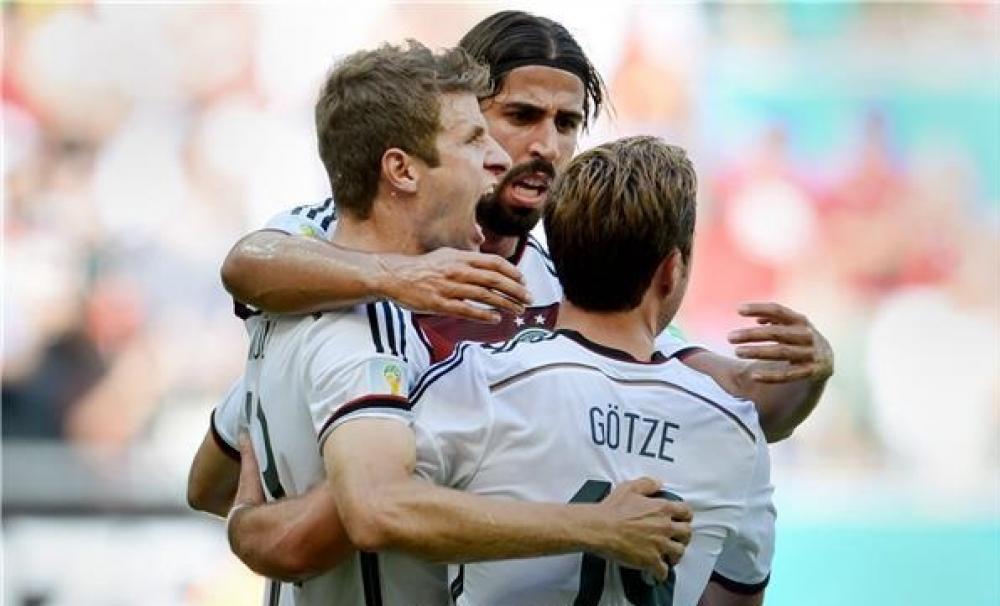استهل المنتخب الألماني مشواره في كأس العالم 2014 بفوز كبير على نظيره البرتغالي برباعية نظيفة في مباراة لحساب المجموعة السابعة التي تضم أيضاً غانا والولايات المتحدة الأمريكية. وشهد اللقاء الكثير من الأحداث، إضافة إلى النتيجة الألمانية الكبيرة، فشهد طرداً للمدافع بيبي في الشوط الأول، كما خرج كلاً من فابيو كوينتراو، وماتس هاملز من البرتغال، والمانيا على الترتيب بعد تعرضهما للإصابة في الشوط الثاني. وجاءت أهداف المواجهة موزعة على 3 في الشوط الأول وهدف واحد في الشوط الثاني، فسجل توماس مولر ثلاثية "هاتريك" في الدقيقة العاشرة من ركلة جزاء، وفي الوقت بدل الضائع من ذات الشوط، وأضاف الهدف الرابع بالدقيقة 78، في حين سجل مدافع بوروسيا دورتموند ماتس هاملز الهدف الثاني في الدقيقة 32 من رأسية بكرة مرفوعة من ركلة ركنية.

##########

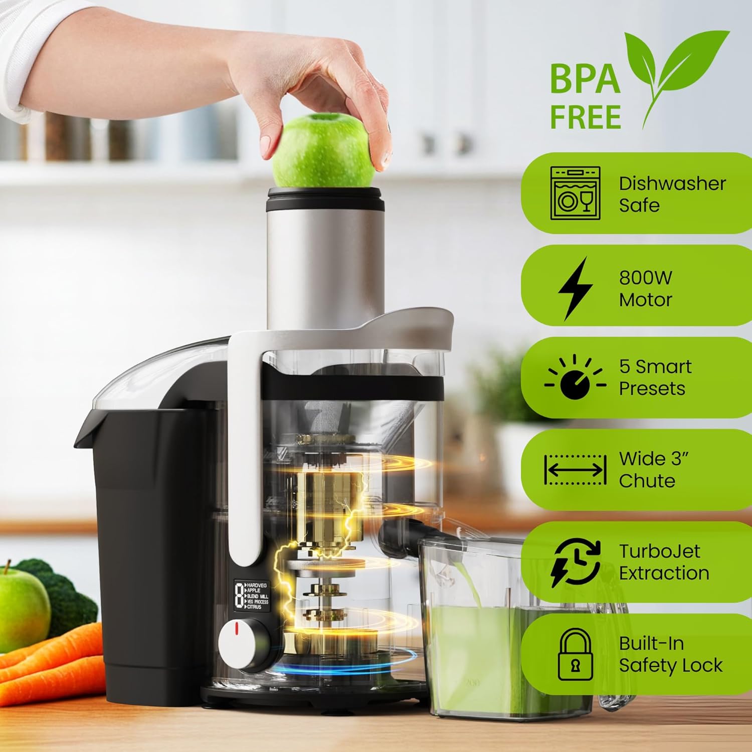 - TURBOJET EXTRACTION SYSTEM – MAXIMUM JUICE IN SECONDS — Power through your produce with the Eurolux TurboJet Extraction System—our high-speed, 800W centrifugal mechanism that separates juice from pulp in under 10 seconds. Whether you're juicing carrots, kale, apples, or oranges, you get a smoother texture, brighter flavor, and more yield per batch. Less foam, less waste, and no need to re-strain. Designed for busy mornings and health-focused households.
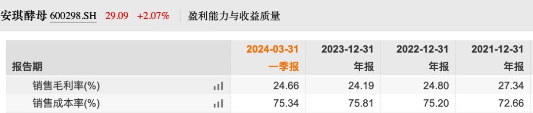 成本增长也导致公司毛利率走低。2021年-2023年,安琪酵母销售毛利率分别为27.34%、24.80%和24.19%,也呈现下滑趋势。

##########

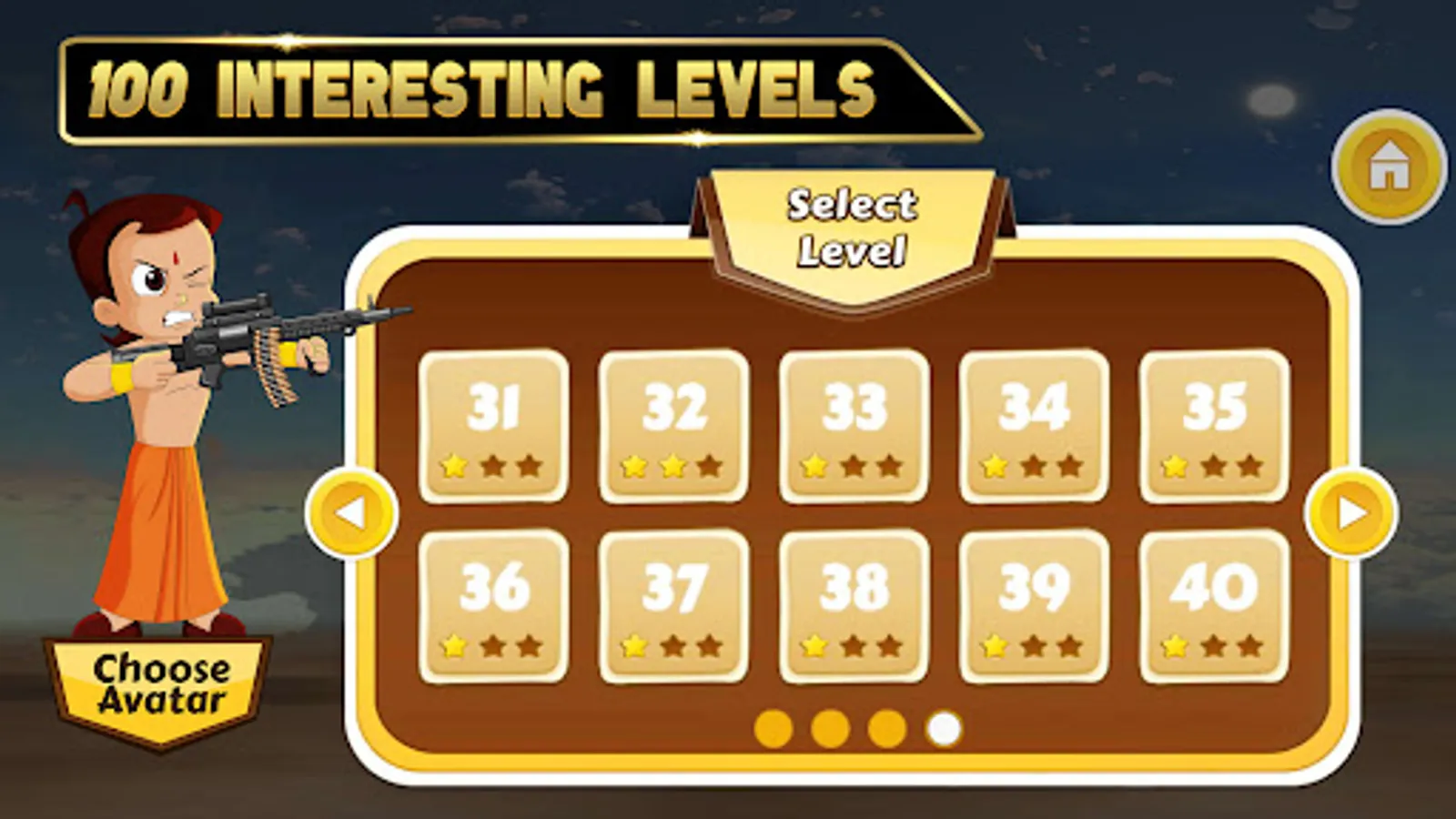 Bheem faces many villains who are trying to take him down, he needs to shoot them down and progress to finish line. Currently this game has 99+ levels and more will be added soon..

##########

Exercise aim: Take only the lines above from the one that has "- TURBOJET EXTRACTION" through the one that has "成本增长也导致公司毛利率走低" and reproduce them exactly, omitting any pictures.

Output below:
 - TURBOJET EXTRACTION SYSTEM – MAXIMUM JUICE IN SECONDS — Power through your produce with the Eurolux TurboJet Extraction System—our high-speed, 800W centrifugal mechanism that separates juice from pulp in under 10 seconds. Whether you're juicing carrots, kale, apples, or oranges, you get a smoother texture, brighter flavor, and more yield per batch. Less foam, less waste, and no need to re-strain. Designed for busy mornings and health-focused households.
 成本增长也导致公司毛利率走低。2021年-2023年,安琪酵母销售毛利率分别为27.34%、24.80%和24.19%,也呈现下滑趋势。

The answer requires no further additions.